Risk prediction method for improving diagnosis accuracy of chronic obstructive pulmonary acute exacerbation state
Technical Field
The invention relates to the field of medical detection, in particular to a novel risk prediction method for acute exacerbation of chronic obstructive pulmonary disease.
Background
Chronic obstructive pulmonary disease, chronic obstructive pulmonary disease for short, is a common chronic airway inflammatory disease, and is characterized by persistent respiratory system symptoms and airway limitation. Chronic obstructive pulmonary acute exacerbations, which are persistent exacerbations of respiratory symptoms in a patient over a short period of time, further worsen the patient's health, accelerate decline in pulmonary function and increase mortality. Whether patients with chronic obstructive pulmonary disease develop acute exacerbations is currently thought to be the result of a combination of multiple factors, of which genes play an important role.
Chronic obstructive pulmonary disease is a disease with high morbidity and mortality, and the additional treatment required for acute exacerbation brings huge economic burden to the families and the society of patients. In recent years, genome-wide association studies and candidate gene studies have found a large number of slowly obstructive pulmonary susceptibility polymorphic sites.
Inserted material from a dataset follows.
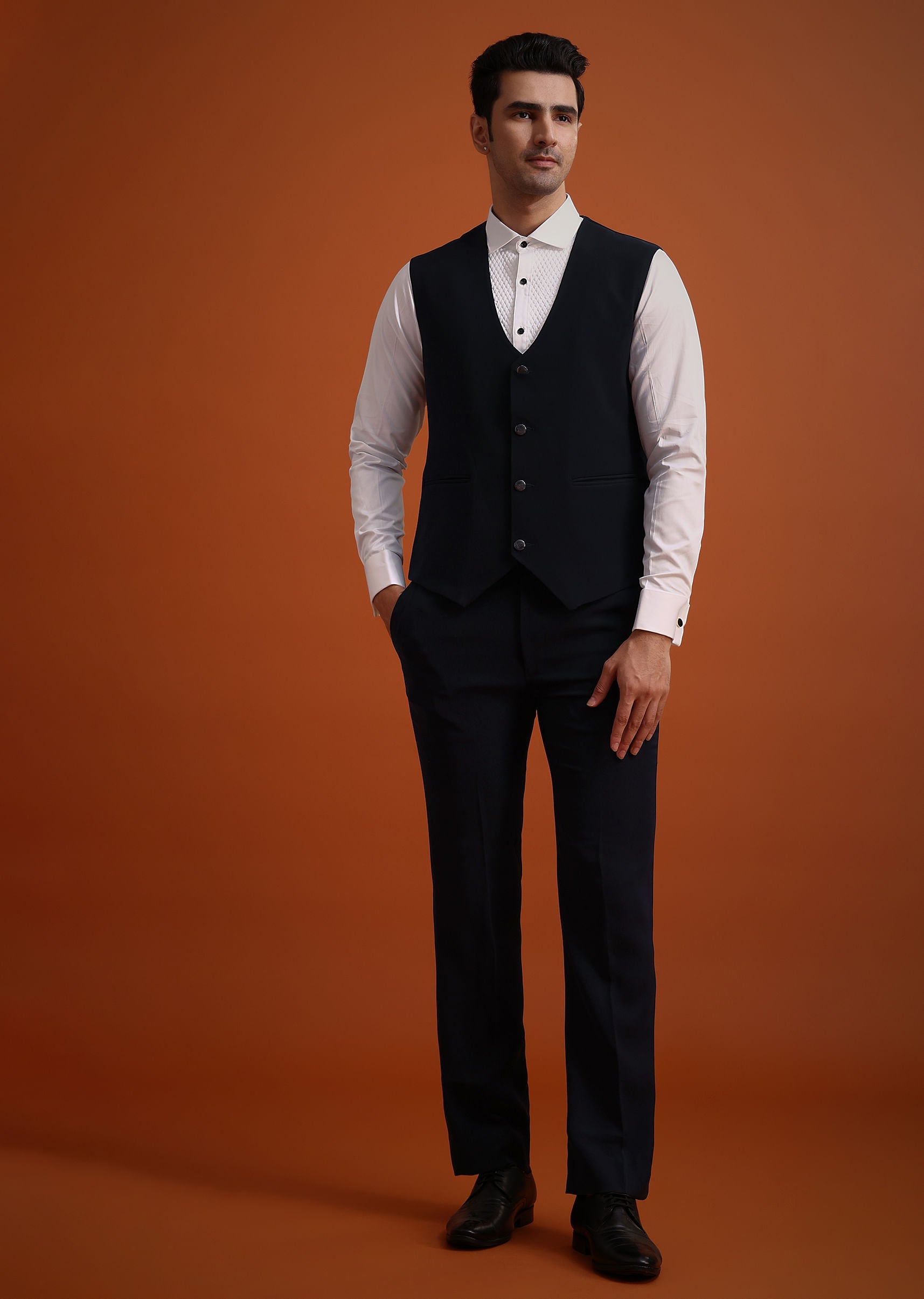 Adorned with glistening accents of pearl salli and cutdana this stylishly designed tuxedo set exudes refined glamour. Showcasing an embellished shawl collar the front buttons and full sleeves add to its appeal. Paired with a matching shirt a fancy bow pocket square waistcoat and coordinating pants this polished style is an apt pick for cocktail parties and wedding celebrations. Awarded as the Most Trusted Brand, we're delivering styles you love, just as promised.

Therefore, establishing a corresponding model by using the genotype data of the individual with the chronic obstructive pulmonary acute exacerbation and the control individual with the chronic obstructive pulmonary non-acute exacerbation is very important for predicting the acute exacerbation risk of the individual with the chronic obstructive pulmonary.
The risk of the acute exacerbation of the chronic obstructive pulmonary disease can be calculated by measuring the genotype data of a person through a risk prediction model. If the risk is higher, a more cautious treatment is required and the patient is also required to pay more attention to the prevention.
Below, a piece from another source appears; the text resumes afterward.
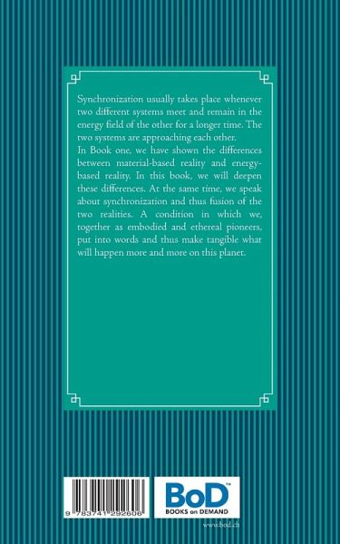 Synchronization usually takes place whenever two different systems meet and remain in the energy field of the other for a longer time. The two systems are approaching each other.In Book one, we have shown the differences between material-based reality and energy-based reality. In this book, we will deepen these differences. At the same time, we speak about synchronization and thus fusion of the two realities. A condition in which we, together as embodied and ethereal pioneers, put into words and thus make tangible what will happen more and more on this planet.

Genetic Risk Scoring (GRS) is an effective method for analyzing Single Nucleotide Polymorphisms (SNPs) and clinical phenotypes of complex diseases. A single SNP has a weak effect on a disease, while the GRS method integrates the weak effects of several SNPs, and has been widely used in clinical stages of disease diagnosis, treatment, prognosis, and the like. In the GRS method, whole genome sequencing is performed on a target population, and a GRS model is established using the obtained whole genome data, which can be expressed as:
(β
iweight of the i-th SNP, G
iIndicates the number of risk alleles of the i-th SNP, and n is the number of SNPs). The algorithm considers that each risk allele has a different effect on the disease, and indicates the degree of effect of the SNP on the disease by assigning a corresponding weight to each risk allele.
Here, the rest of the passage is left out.